The State Department said it was “shocked, saddened and outraged” by the killing of Tahir Ahmad Nasim, a member of the minority Ahmadiyya community who it said was a US citizen who had been lured to Pakistan from his home in Illinois.

Nasim was arrested in 2018 on allegations of blasphemy, a highly inflammatory charge in the conservative Muslim nation that has frequently triggered vigilante violence.

Read more: Blasphemy under Imran Khan government

He was being escorted by police Wednesday to start his trial in the northern city of Peshawar when a man opened fire with a pistol, killing him on the spot, according to officials.

“The US government has been providing consular assistance to Mr. Nasim and his family since his detention in 2018 and has called the attention of senior Pakistani officials to his case to prevent the type of shameful tragedy that eventually occurred,” State Department spokesman Cale Brown said.
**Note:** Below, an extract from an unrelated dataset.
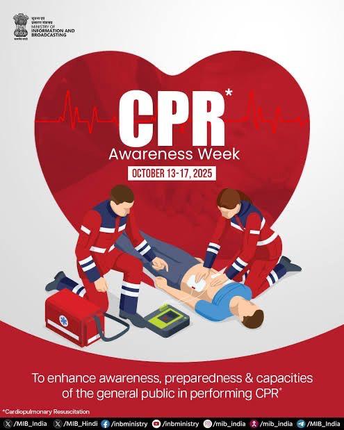 भोपाल : सोमवार, अक्टूबर 13, 2025/ 13 से 17 अक्टूबर 2025 तक पूरे मध्यप्रदेश में ‘कार्डियो-पल्मोनरी रिससिटेशन (CPR) जागरूकता सप्ताह’ का आयोजन किया जा रहा है। इस अभियान का उद्देश्य आम नागरिकों को CPR तकनीक के महत्व से अवगत कराना है जिससे वह आकस्मिक स्वास्थ्य आपात स्थितियों में जीवन रक्षक सहायता प्रदान कर सकें। CPR एक ऐसी तकनीक है जो आकस्मिक हृदयगति रुकने की स्थिति में व्यक्ति को पुनर्जीवित करने में सहायक होती है।

“We urge Pakistan to immediately reform its often abused blasphemy laws and its court system, which allow such abuses to occur, and to ensure that the suspect is prosecuted to the full extent of the law,” he said.

The Ahmadiyya have long faced violence in Pakistan, which forbids community members from self-identifying as Muslims.

The sect, which is rooted in the subcontinent and shuns violence, is considered heretical by many orthodox Muslims for challenging the Islamic belief that Mohammed was God’s final messenger.

Read more: Blasphemy and exploitation by religious extremists

Up to 80 people are known to be imprisoned in Pakistan on blasphemy charges, half of whom face life in prison or the death penalty, according to the US Commission on International Religious Freedom.

The State Department has put Pakistan on a blacklist over religious freedom, pointing to the blasphemy cases.

In one of the most notorious cases, Salman Taseer, the governor of Punjab province, was assassinated in 2011 by one of his bodyguards due to his campaign to reform blasphemy laws.

Read more: Asia Bibi seeks asylum in a European country

Taseer had fought to release Asia Bibi, a Pakistani Christian woman facing the death penalty who finally last year was allowed to move to Canada.

In Peshawar, senior police officer Mansur Amaan said authorities were investigating how the attacker managed to get his hands on a firearm inside a courtroom.

He said the assailant may have pulled the gun out of a policeman’s holster.